Puis, après un long moment, elle leva les yeux, murmurant d'une voix presque inaudible, comme si elle se parlait à elle-même.
- « Lise... je crois que je m'appelle Lise. » Elle semblait se raccrocher à ce nom comme à une bouée de sauvetage, un dernier vestige de son identité. Mais même celui-ci semblait incertain, comme si elle avait peur qu'il puisse aussi lui échapper.
- Bien, Lise... fit-il en souriant lentement, une lueur cruelle dans les yeux. « Je suis certain que nous allons très bien nous entendre. »
Lise se réveilla en sursaut, hurlant, le cœur battant dans sa poitrine comme un tambour de guerre. Elle se redressa brusquement, haletante, les mains crispées sur ses bras, comme si elle pouvait encore sentir les chaînes invisibles du cauchemar. Tout était silencieux dans sa chambre.
Sa chambre était comme elle l'avait laissée, en désordre, pleine de babioles et de livres médicaux empilés çà et là, certains ouverts à des pages marquées par l'usure. L'air était lourd, témoin de son agitation nocturne. Dehors, le jour commençait à poindre, projetant une lueur pâle à travers les rideaux défaits.
Lise savait qu'il était inutile de songer à se recoucher. Le sommeil l'avait trahie cette nuit, et il ne reviendrait pas. Avec un soupir las, elle se traîna jusqu'à la salle de bain, les jambes encore flageolantes sous le poids du cauchemar.

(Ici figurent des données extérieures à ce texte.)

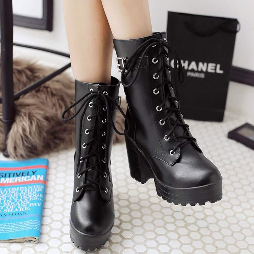 [Cozy Maker] C&M ブーツ レディース レースアップ 編み上げ 厚底 太ヒール ローヒール 秋冬 美脚 カジュアルシューズ COSPLAY コスプレ シンプル 無地

Sous l'eau brûlante, elle laissa son front s'appuyer contre le carrelage froid. Puis, soudainement, une rage sourde s'empara d'elle. Dans un éclat incontrôlé, son poing s'abattit violemment contre le mur, faisant vibrer la faïence sous l'impact.
Pourquoi ? pensa-t-elle en serrant les dents. Pourquoi maintenant ? Pourquoi ce souvenir en particulier, parmi tant d'autres ?
Lise inspira profondément, tentant de calmer les tremblements qui parcouraient encore ses bras. Mais une autre question lui vint, plus glaçante encore.
Pourquoi le Centre Frostheim ?
Ce nom résonna dans son esprit, éveillant quelque chose d'ancien, de profondément enfoui. Quelque chose qu'elle n'avait pas osé affronter depuis longtemps.